Exercise material:
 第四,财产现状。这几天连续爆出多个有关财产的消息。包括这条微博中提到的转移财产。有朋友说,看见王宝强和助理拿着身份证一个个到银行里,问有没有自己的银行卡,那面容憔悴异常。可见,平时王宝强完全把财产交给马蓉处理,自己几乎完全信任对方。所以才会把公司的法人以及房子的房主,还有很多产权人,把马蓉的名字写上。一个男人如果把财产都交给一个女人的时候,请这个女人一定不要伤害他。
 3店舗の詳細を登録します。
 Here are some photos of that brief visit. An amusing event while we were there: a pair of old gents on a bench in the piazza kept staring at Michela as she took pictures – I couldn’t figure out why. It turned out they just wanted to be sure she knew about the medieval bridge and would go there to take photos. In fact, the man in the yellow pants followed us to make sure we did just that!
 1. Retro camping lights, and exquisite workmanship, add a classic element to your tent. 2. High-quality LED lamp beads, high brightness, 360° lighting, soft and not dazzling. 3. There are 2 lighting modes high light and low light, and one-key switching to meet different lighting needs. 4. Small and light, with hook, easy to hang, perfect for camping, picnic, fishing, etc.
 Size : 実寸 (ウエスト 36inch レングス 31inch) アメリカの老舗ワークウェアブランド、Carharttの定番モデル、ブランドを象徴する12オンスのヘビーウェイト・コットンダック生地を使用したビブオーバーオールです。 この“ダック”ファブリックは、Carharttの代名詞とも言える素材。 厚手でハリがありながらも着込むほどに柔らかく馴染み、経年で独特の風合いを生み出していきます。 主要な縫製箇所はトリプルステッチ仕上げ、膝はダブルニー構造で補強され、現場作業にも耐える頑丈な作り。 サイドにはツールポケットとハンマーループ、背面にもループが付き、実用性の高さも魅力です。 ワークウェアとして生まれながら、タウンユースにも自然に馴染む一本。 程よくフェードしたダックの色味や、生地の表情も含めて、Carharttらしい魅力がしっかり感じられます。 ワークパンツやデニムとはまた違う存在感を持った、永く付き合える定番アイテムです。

Task details: Your task is to restate all of the records above word for word.

Answer to the problem:
 第四,财产现状。这几天连续爆出多个有关财产的消息。包括这条微博中提到的转移财产。有朋友说,看见王宝强和助理拿着身份证一个个到银行里,问有没有自己的银行卡,那面容憔悴异常。可见,平时王宝强完全把财产交给马蓉处理,自己几乎完全信任对方。所以才会把公司的法人以及房子的房主,还有很多产权人,把马蓉的名字写上。一个男人如果把财产都交给一个女人的时候,请这个女人一定不要伤害他。
 3店舗の詳細を登録します。
 Here are some photos of that brief visit. An amusing event while we were there: a pair of old gents on a bench in the piazza kept staring at Michela as she took pictures – I couldn’t figure out why. It turned out they just wanted to be sure she knew about the medieval bridge and would go there to take photos. In fact, the man in the yellow pants followed us to make sure we did just that!
 1. Retro camping lights, and exquisite workmanship, add a classic element to your tent. 2. High-quality LED lamp beads, high brightness, 360° lighting, soft and not dazzling. 3. There are 2 lighting modes high light and low light, and one-key switching to meet different lighting needs. 4. Small and light, with hook, easy to hang, perfect for camping, picnic, fishing, etc.
 Size : 実寸 (ウエスト 36inch レングス 31inch) アメリカの老舗ワークウェアブランド、Carharttの定番モデル、ブランドを象徴する12オンスのヘビーウェイト・コットンダック生地を使用したビブオーバーオールです。 この“ダック”ファブリックは、Carharttの代名詞とも言える素材。 厚手でハリがありながらも着込むほどに柔らかく馴染み、経年で独特の風合いを生み出していきます。 主要な縫製箇所はトリプルステッチ仕上げ、膝はダブルニー構造で補強され、現場作業にも耐える頑丈な作り。 サイドにはツールポケットとハンマーループ、背面にもループが付き、実用性の高さも魅力です。 ワークウェアとして生まれながら、タウンユースにも自然に馴染む一本。 程よくフェードしたダックの色味や、生地の表情も含めて、Carharttらしい魅力がしっかり感じられます。 ワークパンツやデニムとはまた違う存在感を持った、永く付き合える定番アイテムです。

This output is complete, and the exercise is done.